Biodistribution of Intra-Arterial and Intravenous Delivery of Human Umbilical Cord Mesenchymal Stem Cell-Derived Extracellular Vesicles in a Rat Model to Guide Delivery Strategies for Diabetes Therapies

Junfeng Li; Hirotake Komatsu; Erasmus K Poku; Tove Olafsen; Kelly X Huang; Lina A Huang; Junie Chea; Nicole Bowles; Betty Chang; Jeffrey Rawson; Jiangling Peng; Anna M Wu; John E Shively; Fouad R Kandeel

doi:10.3390/ph15050595

Biodistribution of Intra-Arterial and Intravenous Delivery of Human Umbilical Cord Mesenchymal Stem Cell-Derived Extracellular Vesicles in a Rat Model to Guide Delivery Strategies for Diabetes Therapies

Pharmaceuticals (Basel). 2022 May 12;15(5):595. doi: 10.3390/ph15050595.

Authors

Affiliations

¹ Department of Translational Research & Cellular Therapeutics, Beckman Research Institute of the City of Hope, Duarte, CA 91010, USA.
² Department of Radiopharmacy, Beckman Research Institute of the City of Hope, Duarte, CA 91010, USA.
³ Department of Cancer Molecular Imaging and Therapy, Beckman Research Institute of the City of Hope, Duarte, CA 91010, USA.

Abstract

Umbilical cord mesenchymal stem cell-derived extracellular vesicles (UC-MSC-EVs) have become an emerging strategy for treating various autoimmune and metabolic disorders, particularly diabetes. Delivery of UC-MSC-EVs is essential to ensure optimal efficacy of UC-MSC-EVs. To develop safe and superior EVs-based delivery strategies, we explored nuclear techniques including positron emission tomography (PET) to evaluate the delivery of UC-MSC-EVs in vivo. In this study, human UC-MSC-EVs were first successfully tagged with I-124 to permit PET determination. Intravenous (I.V.) and intra-arterial (I.A.) administration routes of [¹²⁴I]I-UC-MSC-EVs were compared and evaluated by in vivo PET-CT imaging and ex vivo biodistribution in a non-diabetic Lewis (LEW) rat model. For I.A. administration, [¹²⁴I]I-UC-MSC-EVs were directly infused into the pancreatic parenchyma via the celiac artery. PET imaging revealed that the predominant uptake occurred in the liver for both injection routes, and further imaging characterized clearance patterns of [¹²⁴I]I-UC-MSC-EVs. For biodistribution, the uptake (%ID/gram) in the spleen was significantly higher for I.V. administration compared to I.A. administration (1.95 ± 0.03 and 0.43 ± 0.07, respectively). Importantly, the pancreas displayed similar uptake levels between the two modalities (0.20 ± 0.06 for I.V. and 0.24 ± 0.03 for I.A.). Therefore, our initial data revealed that both routes had similar delivery efficiency for [¹²⁴I]I-UC-MSC-EVs except in the spleen and liver, considering that higher spleen uptake could enhance immunomodulatory application of UC-MSC-EVs. These findings could guide the development of safe and efficacious delivery strategies for UC-MSC-EVs in diabetes therapies, in which a minimally invasive I.V. approach would serve as a better delivery strategy. Further confirmation studies are ongoing.

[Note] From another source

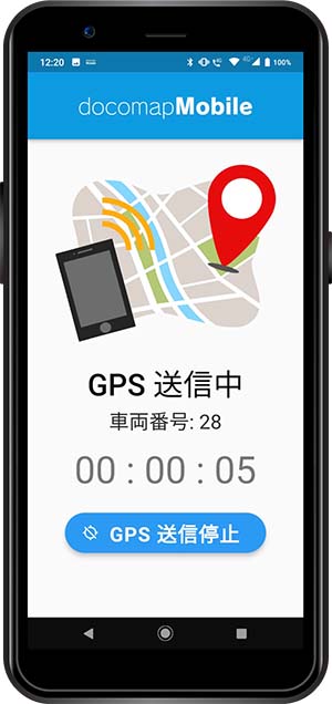 DoCoMAP専用の無料アプリケーションで、DoCoMAPの位置情報と連動した運行状況をクラウドで管理することで、運行日報作成や労務管理が可能です。

Keywords: I-124; biodistribution; diabetes; extracellular vesicles (EVs); intra-arterial (I.A.) administration; intravenous (I.V.) administration; positron emission tomography (PET); umbilical cord mesenchymal stem cell (UCMSC).

Grants and funding

The animal study was supported with funding by the Nora Eccles Treadwell Foundation (50214-2008261-Y02); Radiosynthesis study was supported with funding by the Arthur Riggs Diabetes and Metabolism Research Institute of City of Hope Polit Project Award (60074-2010638-ENDOW).